# Sony NEX 5 , should i use manual focus or Auto Focus ?



## MJFinelli

Just got the Sony Nex 5, messing around with the Manual focus and Auto. Are there any advantages with using MANUAL FOCUS ? Im trying to figure out what one is best to use..
ANy help, 
Thanks


----------



## Kerbouchard

Only time there is an advantage to using manual focus is when your autofocus isn't focusing on what you want it to.  For extreme Macro, I'll use manual focus.  Occasionally, if I am shooting through brush, trees, or something like that, I will also use manual focus.

All other times, autofocus.


----------



## cosmonaut

If you are shooting landscapes it's a good idea to manual focus.


----------



## unpopular

Manual focus may actually be faster if you use the Peaking feature. With practice, of course. In any case, I'd use Peaking with manual focus.


----------



## wrkhard4smallrewards

I have been going back and forth myself. I found, so far, that indoors of the family I prefer manual. With peaking it is very easy, and it allows for a lot more variety. For instance, when opening christmas presents set on DMF. The camera wanted to focus some on the box. I refocused on the face partially covered by the box and took the picture, but then wanted subsequent shots as well and when repressing it had to refocus, and I had to manually readjust. Continuous focus helped, but kept hitting the wrong items. Around the christmas tree it was all pretty much hopeless though unless a good clear well lit face was in the screen. But then, my kid and family moved. Bam, small DOF, they were out of focus, and I had to wait for the hunt, then readjust. So, I switched to full manual. This allowed me to focus where I wanted quickly, did not have to repress and wait for a rehunt, and a quick little nud*g*e of the ring adjusted for me moving to a new spot or my child moving to the other side of the present. MUCH easier. 

Outside running around, forget it and go auto, for sure, except the in following case.

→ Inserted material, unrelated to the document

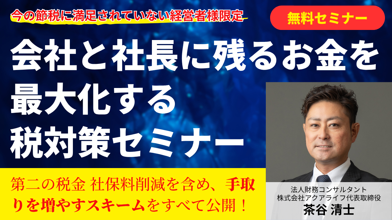 このセミナーでは、会社と役員個人に残るお金を最大化させるための、新たなスキームをすべて公開します。

I have begun switching to manual for most of my needs though, as I have begun to adjust. My favorite ability is the ability to focus on the area ahead of the direction of movement, have the speed preference shutter in place, wait till they hit the approximate focus range, and grab 7fps at high shutter speeds. Has the ability to capture some really awesome shots, though in general the auto is much better than me unless I am indoors without direct sunlight.

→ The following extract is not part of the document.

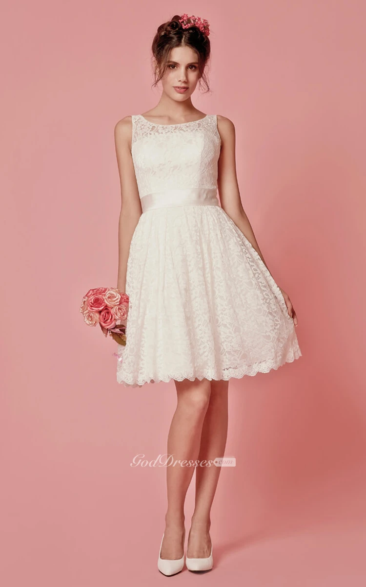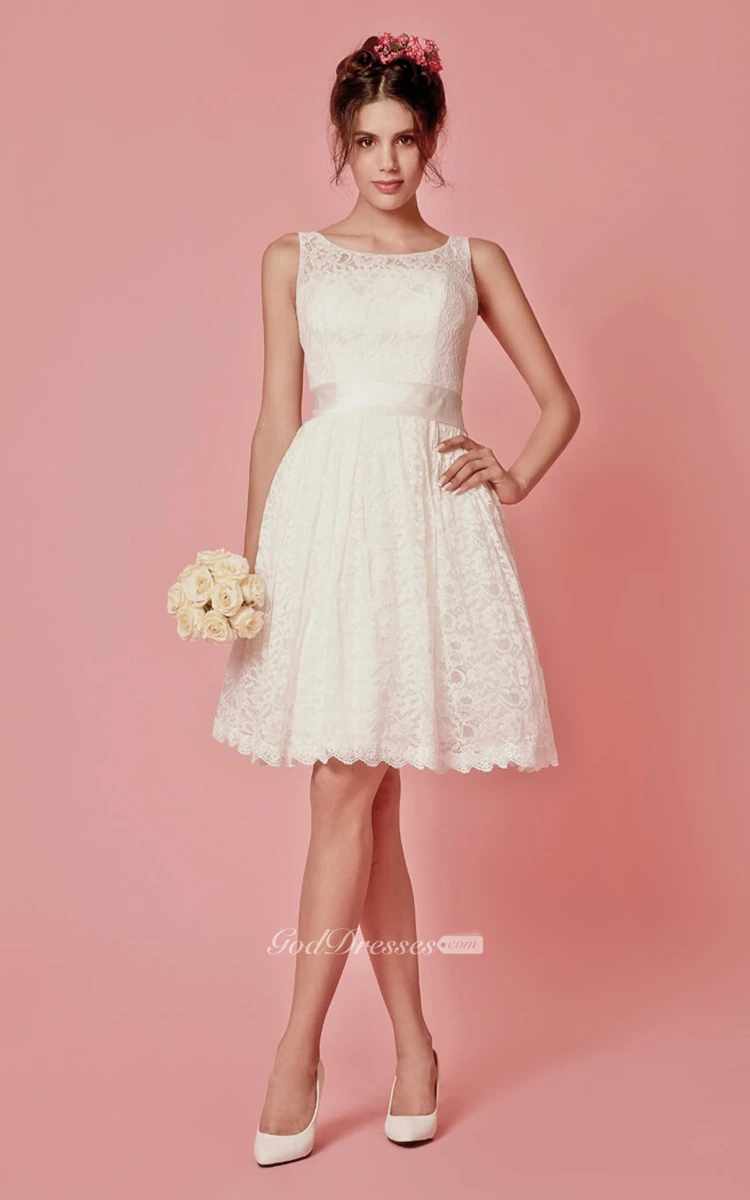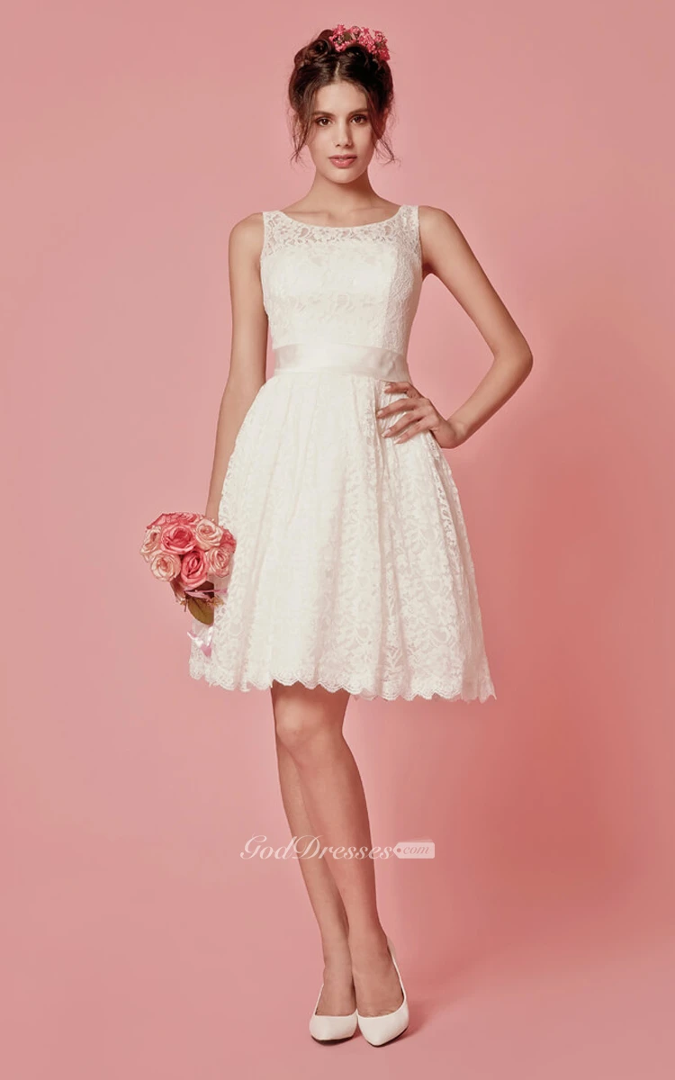 Enchanting Sleeveless Knee Length Lace Dress With Pleats

On that note, I REALLY wish that Sony would allow the bottom custom button to be set for a MF ASSIST that would allow 7X zoom at the press of the button while in full manual with the MF ASSIST turned off by default. I prefer to AUTO focus with just peaking, but occasionally would like the 7X zoom, especially in very very low light when shooting flash of groups and family.


2) There is a second question for everyone. If the OP and others choose full AUTO, do you leave MF Assist on?

Play around with DMF for a while and see what you think. Also not, ive you leave the lens hood on in reverse all the time that can become a serious problem with full manual, as it requires you to take it out of the bag, get the lens hood on, in place so you dont lose it, and then focus and shoot  Oh well!


----------